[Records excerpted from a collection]
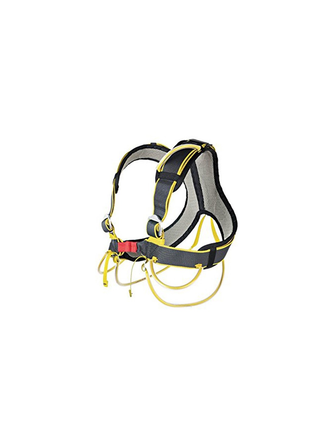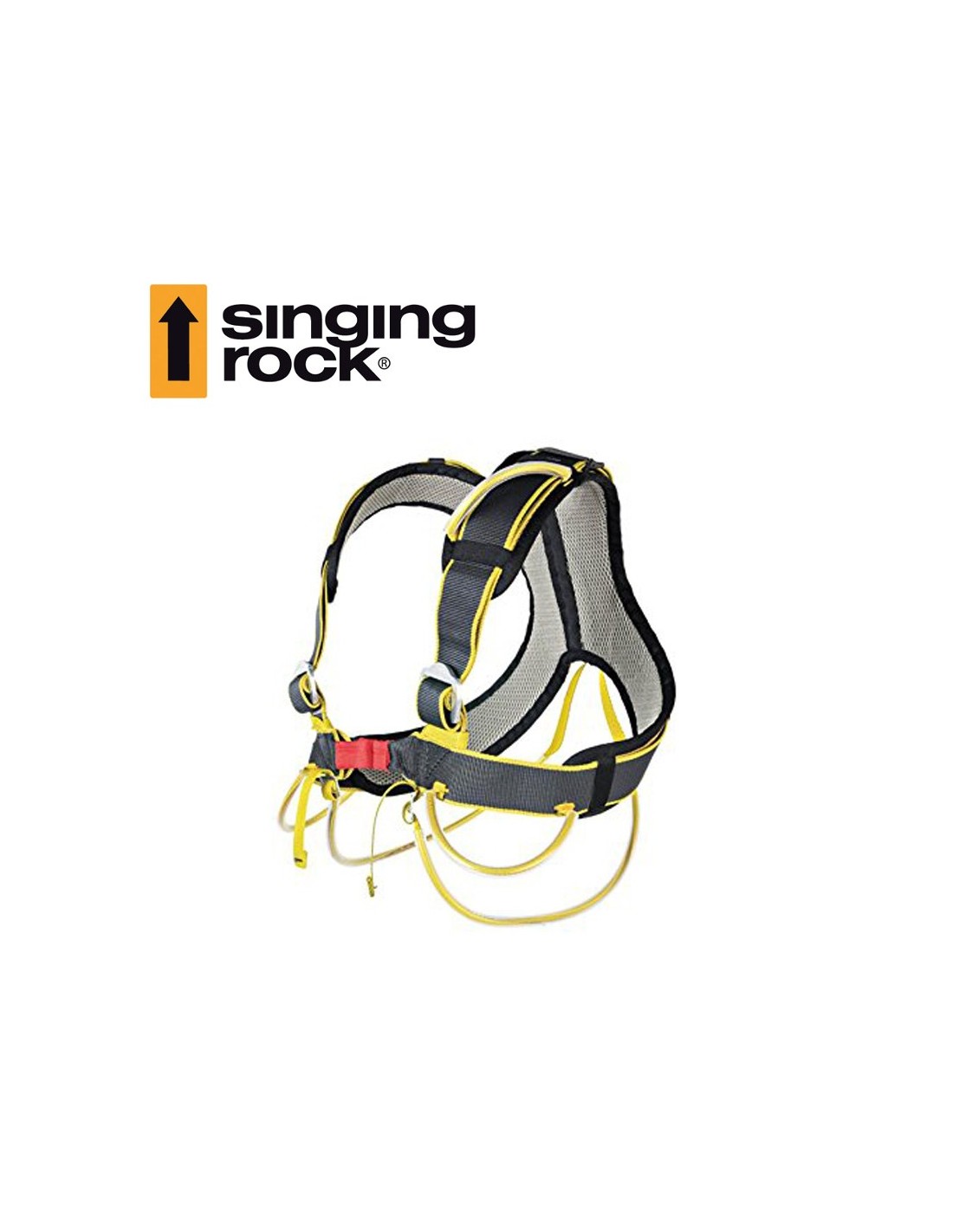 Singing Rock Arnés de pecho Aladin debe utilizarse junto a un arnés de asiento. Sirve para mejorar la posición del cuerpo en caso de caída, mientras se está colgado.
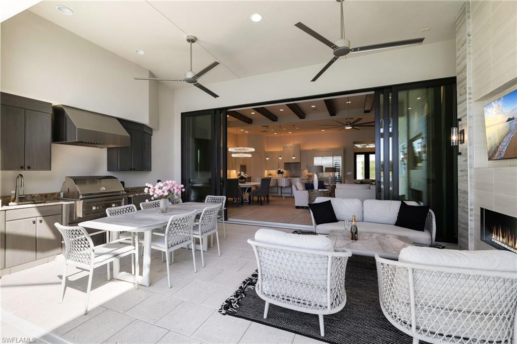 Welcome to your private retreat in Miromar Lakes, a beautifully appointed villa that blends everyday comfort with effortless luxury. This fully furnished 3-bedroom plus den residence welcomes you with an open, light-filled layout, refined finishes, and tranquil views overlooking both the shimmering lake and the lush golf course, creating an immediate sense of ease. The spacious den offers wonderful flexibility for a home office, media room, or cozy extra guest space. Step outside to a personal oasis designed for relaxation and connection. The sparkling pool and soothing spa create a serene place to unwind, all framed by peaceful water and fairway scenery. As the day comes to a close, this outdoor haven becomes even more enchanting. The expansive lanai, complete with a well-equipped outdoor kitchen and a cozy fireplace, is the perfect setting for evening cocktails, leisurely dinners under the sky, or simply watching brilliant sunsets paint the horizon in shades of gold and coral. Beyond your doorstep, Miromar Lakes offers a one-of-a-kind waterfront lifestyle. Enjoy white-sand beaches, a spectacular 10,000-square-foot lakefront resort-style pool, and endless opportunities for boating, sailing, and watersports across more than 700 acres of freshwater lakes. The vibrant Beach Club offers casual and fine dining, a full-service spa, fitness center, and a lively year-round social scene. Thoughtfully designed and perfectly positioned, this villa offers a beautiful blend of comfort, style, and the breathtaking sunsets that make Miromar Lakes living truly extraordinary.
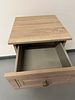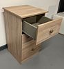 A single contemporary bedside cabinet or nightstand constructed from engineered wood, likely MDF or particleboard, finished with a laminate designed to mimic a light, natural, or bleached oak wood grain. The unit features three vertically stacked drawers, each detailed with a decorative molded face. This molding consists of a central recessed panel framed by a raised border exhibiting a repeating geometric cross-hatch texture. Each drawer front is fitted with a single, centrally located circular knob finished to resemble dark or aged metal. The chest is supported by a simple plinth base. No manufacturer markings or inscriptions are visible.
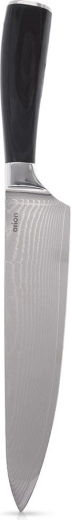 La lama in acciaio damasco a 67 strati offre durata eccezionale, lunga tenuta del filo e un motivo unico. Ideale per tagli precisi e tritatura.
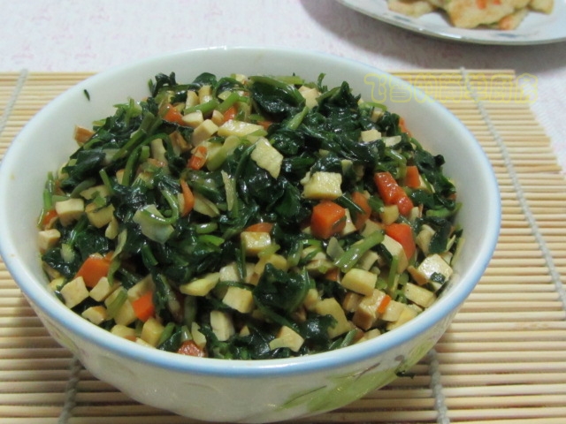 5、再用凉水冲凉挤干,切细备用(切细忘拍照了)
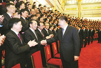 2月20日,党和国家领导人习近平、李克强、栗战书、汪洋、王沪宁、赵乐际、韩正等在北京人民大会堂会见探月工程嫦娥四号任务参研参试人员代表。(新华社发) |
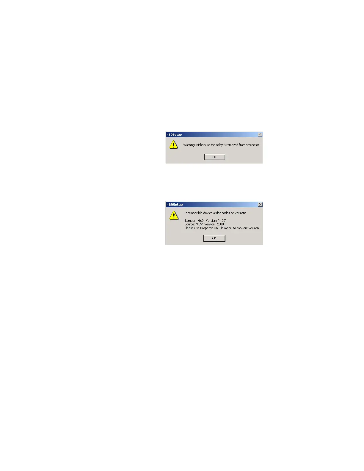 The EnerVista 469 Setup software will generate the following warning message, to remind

Exercise: Output, exactly and with no pictures, every line from the one that contains "La lama in acciaio" through the final line of the entries.

Exercise output:
 La lama in acciaio damasco a 67 strati offre durata eccezionale, lunga tenuta del filo e un motivo unico. Ideale per tagli precisi e tritatura.
 5、再用凉水冲凉挤干,切细备用(切细忘拍照了)
 2月20日,党和国家领导人习近平、李克强、栗战书、汪洋、王沪宁、赵乐际、韩正等在北京人民大会堂会见探月工程嫦娥四号任务参研参试人员代表。(新华社发) |
 The EnerVista 469 Setup software will generate the following warning message, to remind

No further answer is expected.